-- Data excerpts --
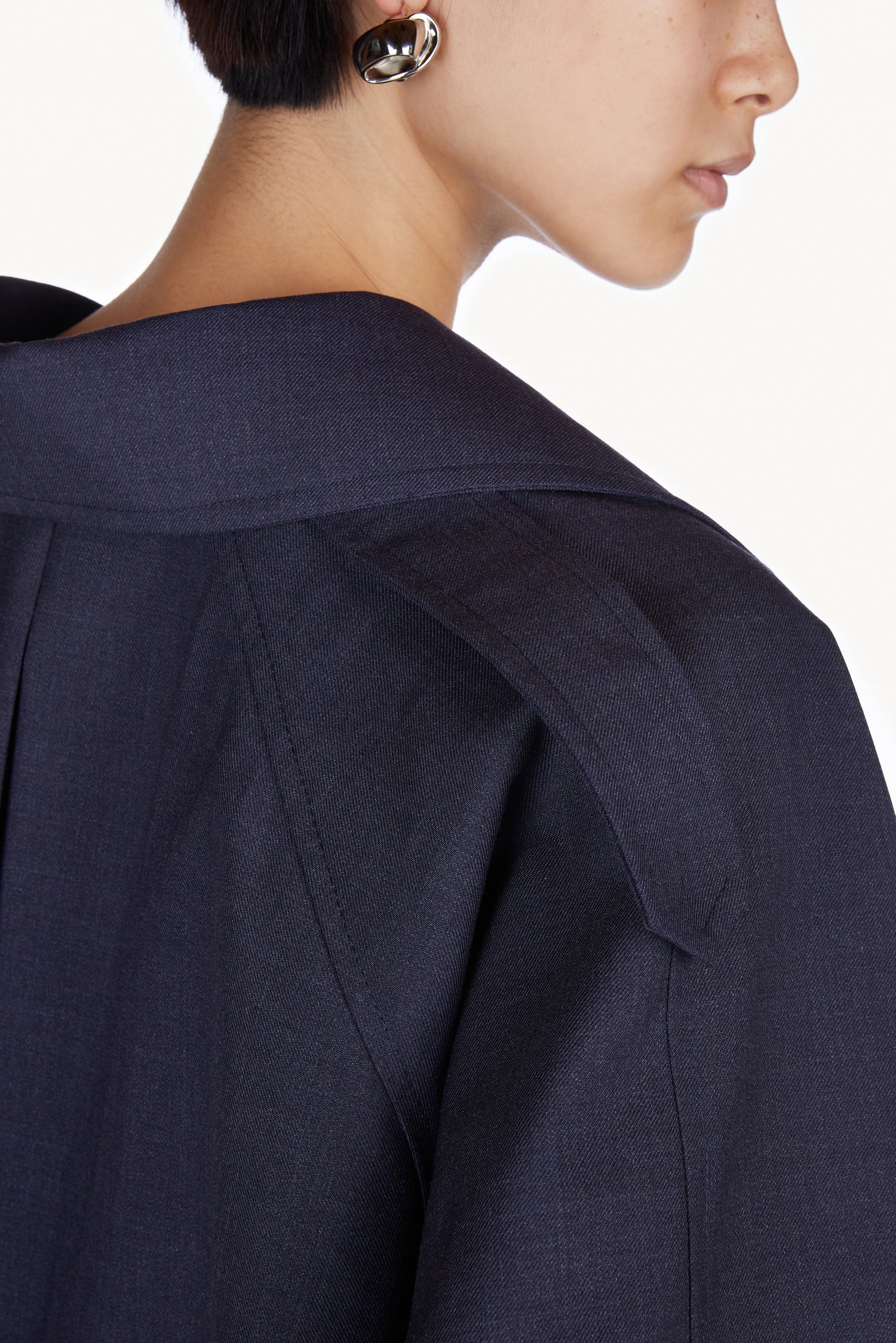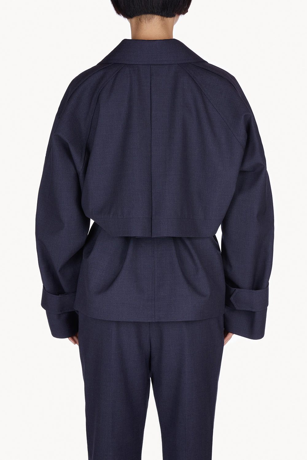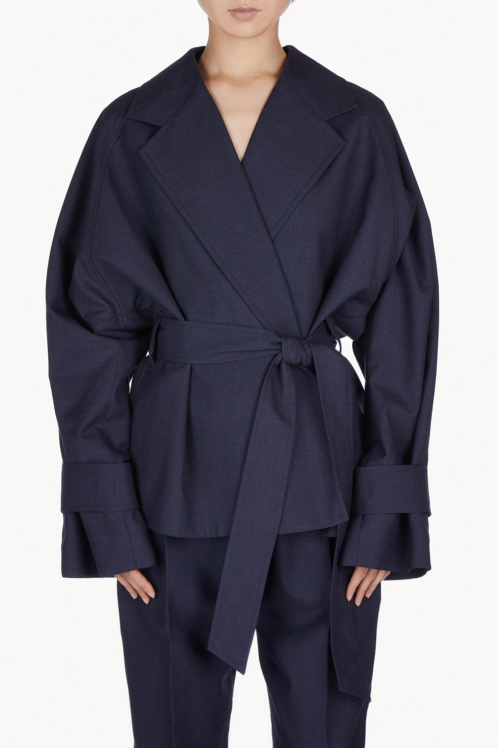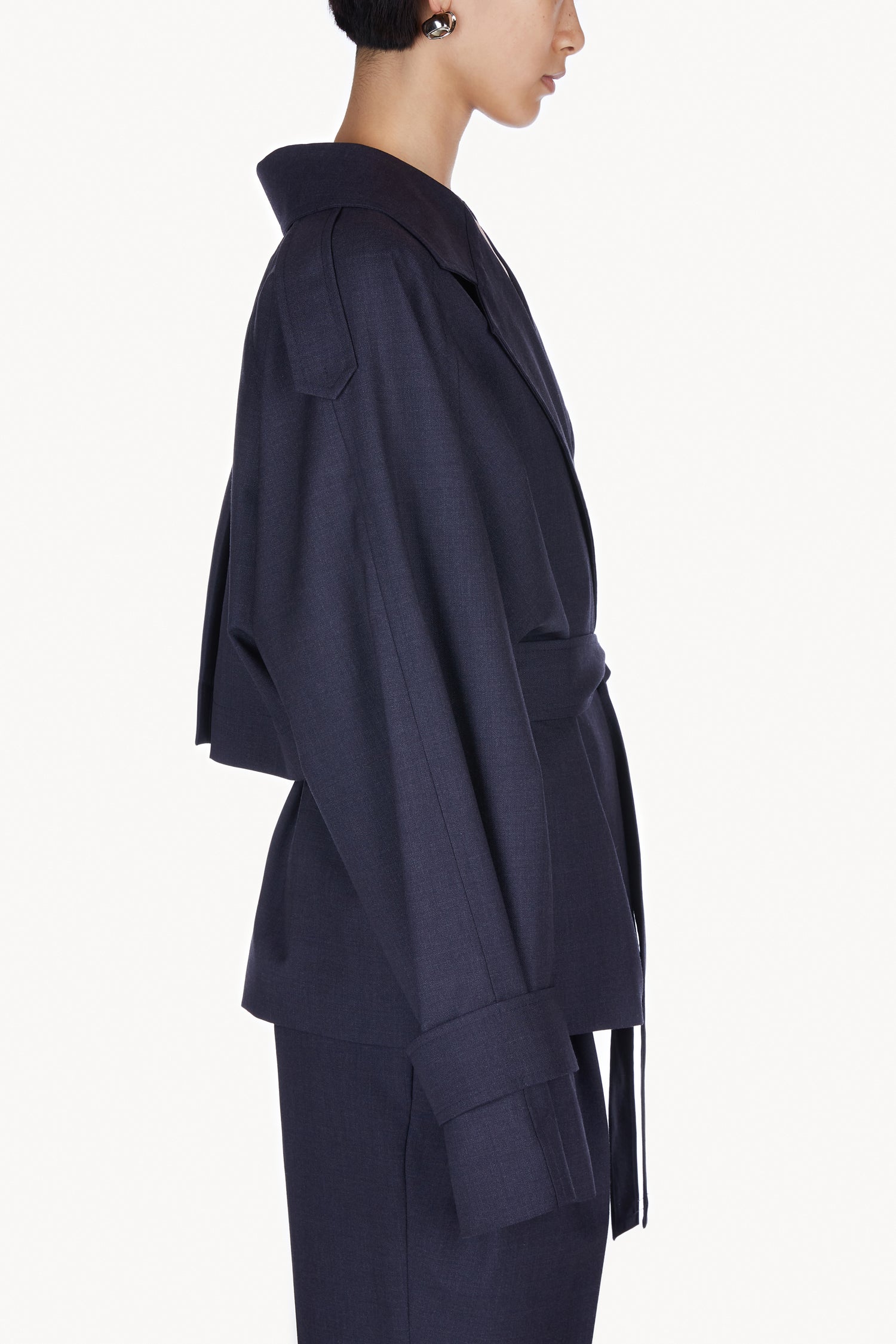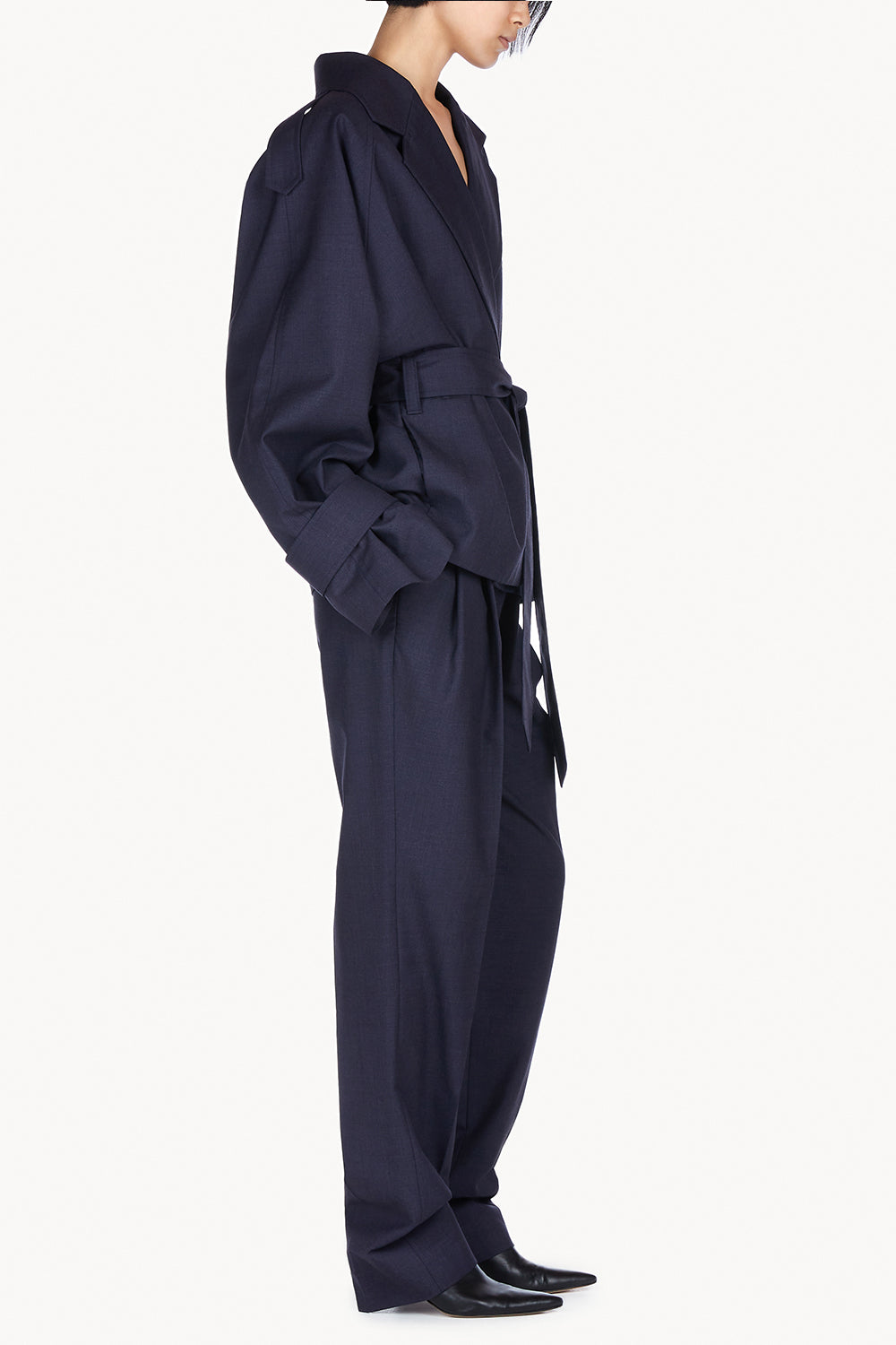 The Tate Jacket is crafted from luxurious virgin wool. Featuring a voluminous, belted design reminiscent of the classic trench. With a wrapped closure, its oversized silhouette is complemented by timeless detailing, including tab accents at the cuffs and a tie belt. Pair with the Alexis Trouser.
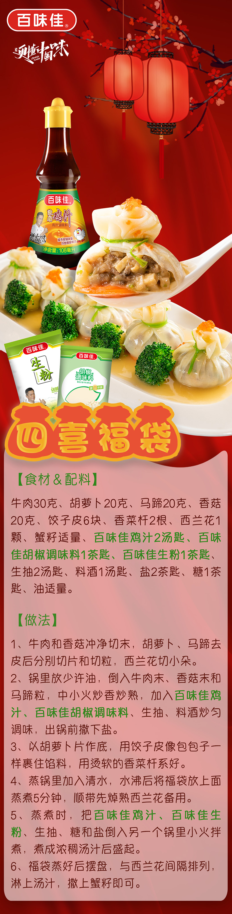 元宵節(jié)菜譜四喜福袋(應(yīng)用百味佳雞汁、生粉、胡椒調(diào)味料) 發(fā)布時間:2022-2-18 9:15:34 相關(guān)閱讀: 元宵節(jié)菜譜四喜福袋(應(yīng)用百味佳雞汁、生粉、胡椒調(diào)味料) 七夕味覺“食”刻,用百味佳醬料點燃浪漫餐桌!2025/09/03 秋日貼膘季|用酸甜橙香與醇厚醬香,解鎖初秋味覺新體驗!2025/09/03 新品上市 百味佳焙煎芝麻口味沙拉汁,為輕食簡餐添好味!2025/09/03 情暖八一 百味佳攜手共赴一場老兵之約,以公益之心傳承紅色軍魂2025/09/03 重磅官宣,佳哥表情包全新上線啦,快來一起聊天吧!2025/09/03
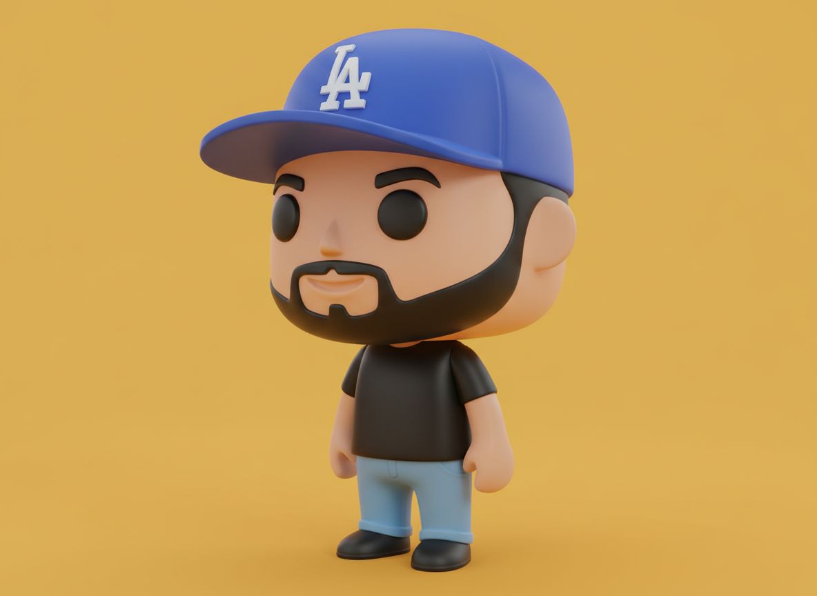 Create a pop figure with blue LA hat. Full body no background. Use the face as a reference
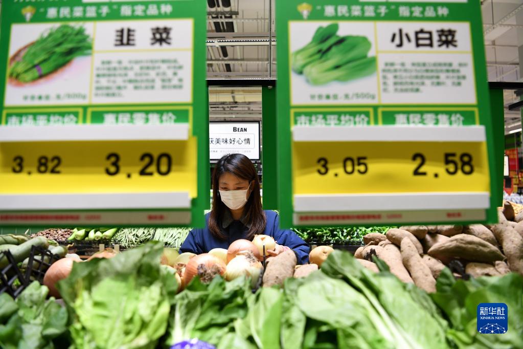 市民在安徽省合肥市經(jīng)開(kāi)區(qū)芙蓉社區(qū)一家超市選購(gòu)“惠民菜”(11月7日攝)。新華社記者 劉軍喜 攝
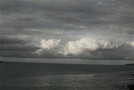 Clouds set over the horizon above the Atlantic sea along the Costa da Morte in Galicia, northern Spain.
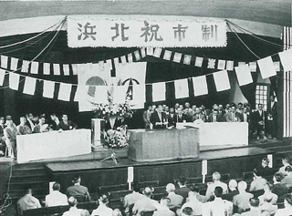 7月1日、浜北市が誕生。全国で556番目、県下18番目の市でした。当日は記念式典や祝賀パレードなどが行われ、新しい市の誕生を祝いました。

-- What to produce --
What is needed is an exact copy of all the entries above, minus the pictures.

-- Output of the task --
 The Tate Jacket is crafted from luxurious virgin wool. Featuring a voluminous, belted design reminiscent of the classic trench. With a wrapped closure, its oversized silhouette is complemented by timeless detailing, including tab accents at the cuffs and a tie belt. Pair with the Alexis Trouser.
 元宵節(jié)菜譜四喜福袋(應(yīng)用百味佳雞汁、生粉、胡椒調(diào)味料) 發(fā)布時間:2022-2-18 9:15:34 相關(guān)閱讀: 元宵節(jié)菜譜四喜福袋(應(yīng)用百味佳雞汁、生粉、胡椒調(diào)味料) 七夕味覺“食”刻,用百味佳醬料點燃浪漫餐桌!2025/09/03 秋日貼膘季|用酸甜橙香與醇厚醬香,解鎖初秋味覺新體驗!2025/09/03 新品上市 百味佳焙煎芝麻口味沙拉汁,為輕食簡餐添好味!2025/09/03 情暖八一 百味佳攜手共赴一場老兵之約,以公益之心傳承紅色軍魂2025/09/03 重磅官宣,佳哥表情包全新上線啦,快來一起聊天吧!2025/09/03
 Create a pop figure with blue LA hat. Full body no background. Use the face as a reference
 市民在安徽省合肥市經(jīng)開(kāi)區(qū)芙蓉社區(qū)一家超市選購(gòu)“惠民菜”(11月7日攝)。新華社記者 劉軍喜 攝
 Clouds set over the horizon above the Atlantic sea along the Costa da Morte in Galicia, northern Spain.
 7月1日、浜北市が誕生。全国で556番目、県下18番目の市でした。当日は記念式典や祝賀パレードなどが行われ、新しい市の誕生を祝いました。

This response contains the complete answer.